Сергей Высоцкий вообще презирает застольный гам. А поэты – Владимир Фирсов, Игорь Кобзев, Геннадий Серебряков, Феликс Чуев уважали авторитет и поведение старших. Зачем ты лжёшь, что Иван Акулов умер от водки? Он «схватил дозу» в октябре 1986 года на Урале, в Свердловске и Челябинске, – выплеснулась в атмосферу атомная зараза. А он тогда ездил по прадедовским бурьянным околицам… Документы у нас есть. Камбулов – участник сражений с фашистами в Крыму. Сергей Александрович Поделков – каторжанин 1937 года. Как тебе не стыдно врать на талантливых прозаиков и поэтов: зависть до сих пор тебе, старцу, не даёт покоя?

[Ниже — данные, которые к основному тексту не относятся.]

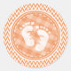 Pegatina Redonda Pies de bebé; Naranja y cheurón blanco
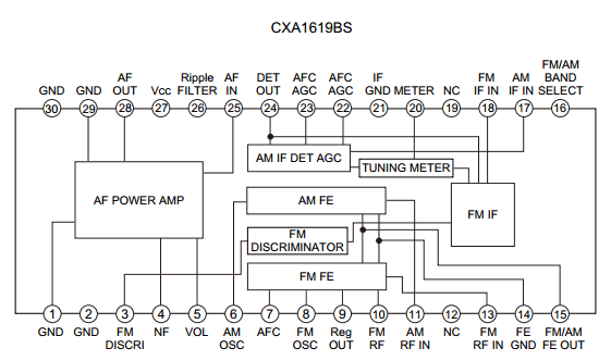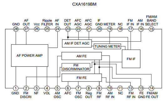 Function : One-chip FM/AM radio IC / CXA1619BM, CXA1619BMBS
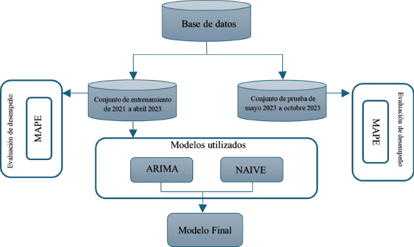 El modelo arima se utilizó para predecir las ventas futuras, lo que permite un análisis preciso de series temporales (Talkhi et al., 2024). Se selección el modelo arima (p, d, q) con base en el criterio de información de Akaike, y se comparó con un modelo naive, mostrando una mayor precisión en las predicciones. En la Figura 3 se muestran los puntos críticos para la evaluación del modelo final y el proceso por el cual pasaron los modelos prospectados, tanto arima como naive.
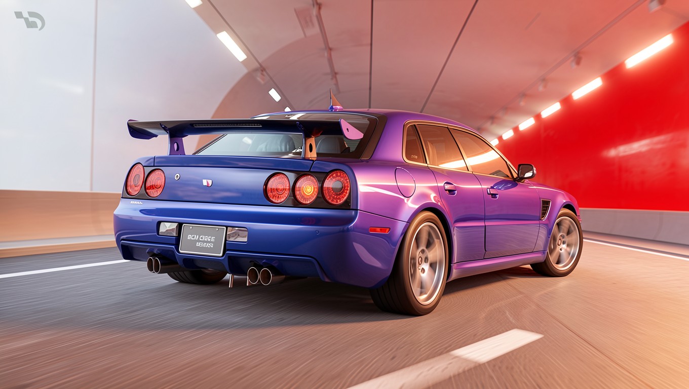 Синий автомобиль Nissan Skyline в светлом тоннеле
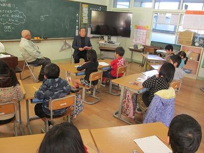 2月16日(火)の3・4校時に、小学2年生が生活科の「三納の昔話を聞こう」という学習で、実際に地域の井上さん、甲斐さんをお迎えして、お話をしていただきました。戦争中の食べ物や学校のこと、人々の生活の様子などについてのいろいろなお話を身振りや手振りを交えたり、黒板に図を書いたりしながら、わかりやすく教えていただきました。特に、学校の様子については、今と昔の校舎の違いやチャイムの代わりに手で鐘をたたいていたこと、児童数が1学年で150人以上いたことなど、詳しくお話をしていただきました。
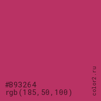 Цвет #B93264 в цветовой модели RGB обозначается тремя октетами (185, 50, 100) в десятичном формате и #B93264 в шестнадцатиричном (hex) формате, которые являются интенсивностью красного 185 (hex B9), интенсивность зелёного 50 (hex 32) и интенсивность синего 100 (hex 64).

Геннадий Серебряков и Феликс Чуев – жертвы разрушения СССР. Они на наших глазах уходили из жизни, не пересилив трагедию, на наших глазах. Прозаики и поэты умирали под грохотом орудий, нацеленных на Дом Советов в Октябре 1993 года. Мы защищали страну. А где ты был, патриот? Мы все жили в посёлке Семхоз, под Лаврой. Дружили. Творили. А ты стучал…

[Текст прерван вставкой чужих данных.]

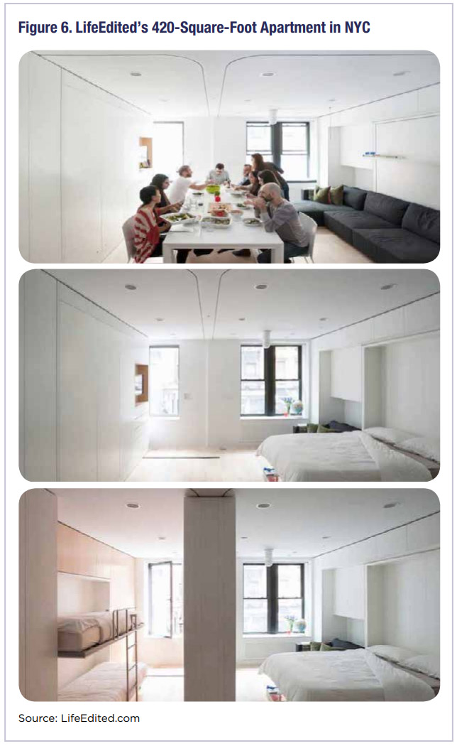 The design in Figure 4 is one of many that are possible. Another apartment design has been developed by Graham Hill, founder of LifeEdited. This unit is located in lower Manhattan in a typical apartment building (Figure 6). The space is designed to comfortably house two people, accommodate a dinner party of up to 12 people, and could even sleep two additional guests within 420 square feet.[31]

Помню, в Лавре я поклонился иконе Сергия Радонежского, и ты над толпою заорал: «Товарищ Сорокин, ты главный редактор, как это оценит ЦК КПСС, а?!» И тут же настучал на меня в Политбюро. Холоп Василия Сталина и хрущёвского Аджубея, ты всегда выглядел недобритым, предпочтя в годы перестроечного переворота сбежать в Ленинград.
Добрейся, дедок, и возвращайся к нам в Семхоз. Ушедшие тебя не заметят, а живые – простят… Склока – пиар графомана.
***
Распад великой своей страны, захваченной одряхлевшими бандитами, Иван Акулов определил с точностью врача и математика. В литературном процессе выбирал талант, а не фигуру. Постоянно его поддерживали Борис Можаев, Феликс Кузнецов, Юрий Прокушев, Анатолий Ланщиков, Николай Сергованцев, отметили его книги.
Едем на скорости на «Ниве» в Москву, взлетаем на холмы Радонежья. Два собора с боков. Золотоглавые. Крестами огненными реют в голубое утро марта. Земля в зеркальных искрящихся разводьях. И тёплый ветер, тугой и родниковый, в стёкла бьёт. А над дорогой – свежее, ширококрылое колокольное солнце звенит и простор окликает.
– Останови машину! – Вышли. – Красота-то какая, Валь, а я умираю… рак…
Я пытаюсь тормознуть катящуюся на него хандру:
– Рифма есть к этому слову, знаешь её?..
Грустно улыбается:
– Дурак, да?..
Едем дальше. И снова:
– Не ставь мой гроб в ЦДЛ, запомни, кто придёт – тот и придёт, понял? И хоронить – здесь!..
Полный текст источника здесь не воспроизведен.